→ ASSIGNED TASK: Whenever a picture appears, leave it out while repeating all the other data exactly.

→ DATASET EXTRACT:
___
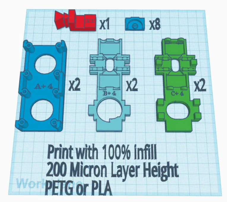 Trong bộ này có 5 mẫu: các chi tiết A+, B+ và C+ (mỗi loại bạn sẽ cần in 2 cái), một khuôn/cữ cắt ống PTFE để bạn dùng dao lam tạo các rãnh trên ống PTFE, cùng với các bearing carriers (bạn sẽ cần 8 cái). In ở chiều cao lớp .2mm, 100% infill, dùng PLA hoặc PETG.
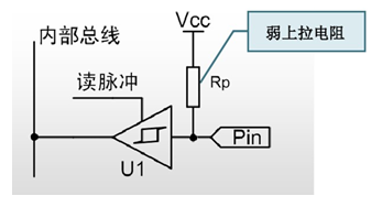为了解决这个问题,可以在输入引脚处加一个弱上拉电阻,如图所示:
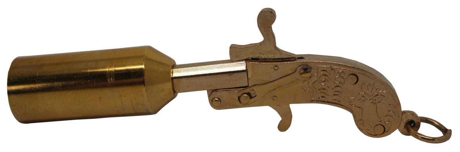 Vintage miniature Austrian Berloque style pin fire cap gun in the shape of an antique dueling pistol engraved with a deer and rabbit, with additional screw on oversize barrel and a small ring on the end for use as a key chain or watch fob. Includes two boxes of Xythos blank cartridges.
___
→ SOLUTION FOR THIS EXERCISE:
 Trong bộ này có 5 mẫu: các chi tiết A+, B+ và C+ (mỗi loại bạn sẽ cần in 2 cái), một khuôn/cữ cắt ống PTFE để bạn dùng dao lam tạo các rãnh trên ống PTFE, cùng với các bearing carriers (bạn sẽ cần 8 cái). In ở chiều cao lớp .2mm, 100% infill, dùng PLA hoặc PETG.
为了解决这个问题,可以在输入引脚处加一个弱上拉电阻,如图所示:
 Vintage miniature Austrian Berloque style pin fire cap gun in the shape of an antique dueling pistol engraved with a deer and rabbit, with additional screw on oversize barrel and a small ring on the end for use as a key chain or watch fob. Includes two boxes of Xythos blank cartridges.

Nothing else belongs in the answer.